Once the researchers designed these "intelligent insulin nanoparticles," they had to figure out a way to administer them to patients with diabetes. Rather than rely on the large needles or catheters that had beleaguered previous approaches, they decided to incorporate these balls of sugar-sensing, insulin-releasing material into an array of tiny needles.
Gu created these "microneedles" using the same hyaluronic acid that was a chief ingredient of the nanoparticles, only in a more rigid form so the tiny needles were stiff enough to pierce the skin. They arranged more than one hundred of these microneedles on a thin silicon strip to create what looks like a tiny, painless version of a bed of nails. When this patch was placed onto the skin, the microneedles penetrated the surface, tapping into the blood flowing through the capillaries just below.
The researchers tested the ability of this approach to control blood sugar levels in a mouse model of type 1 diabetes. They gave one set of mice a standard injection of insulin and measured the blood glucose levels, which dropped down to normal but then they quickly climbed back into the hyperglycemic range. In contrast, when the researchers treated another set of mice with the microneedle patch, they saw that blood glucose levels were brought under control within thirty minutes and stayed that way for several hours.

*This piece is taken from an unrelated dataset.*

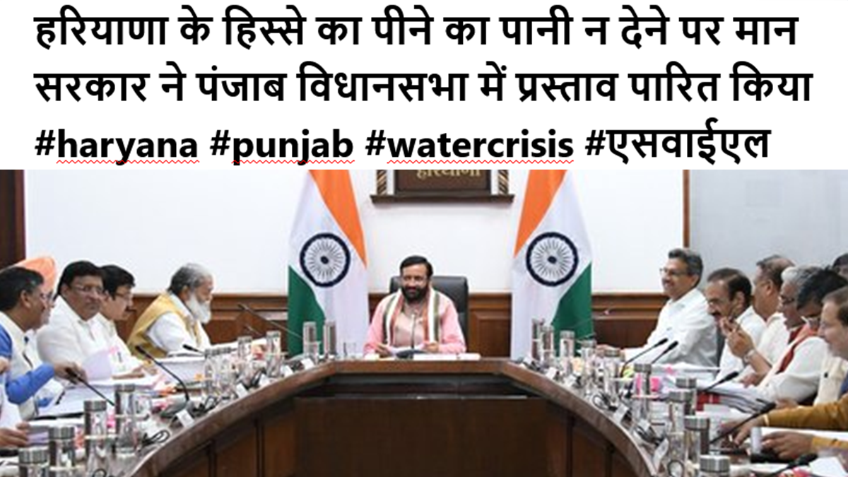 हरियाणा मंत्रिमंडल की बैठक के उपरांत पत्रकारों से बातचीत में #haryana #punjab #watercrisis #एसवाईएल ” पीने का पानी न देने पर मान सरकार ने पंजाब विधानसभा ” मुख्यमंत्री श्री @NayabSainiBJP ने कहा कि पानी के मुददे पर पंजाब ओछी राजनीति कर रहा है। इससे पहले भी एसवाईएल मुद्दे पर पंजाब विधानसभा में प्रस्ताव पारित किया और सर्वोच्च न्यायालय के फैसले को दरकिनार किया।

In addition, the researchers found that they could tune the patch to alter blood glucose levels only within a certain range by varying the dose of enzyme contained within each of the microneedles. They also found that the patch did not pose the hazards that insulin injections do. Injections can send blood sugar plummeting to dangerously low levels when administered too frequently.
"The hard part of diabetes care is not the insulin shots, or the blood sugar checks, or the diet but the fact that you have to do them all several times a day every day for the rest of your life, said Buse, the director of the North Carolina Translational and Clinical Sciences (NC TraCS) Institute and past president of the American Diabetes Association. "If we can get these patches to work in people, it will be a game changer."
Because mice are less sensitive to insulin than humans, the researchers think that the blood sugar-stabilizing effects of the patch could last even longer when given to actual patients. Their eventual goal, Gu said, is to develop a smart insulin patch that patients would only have to change every few days.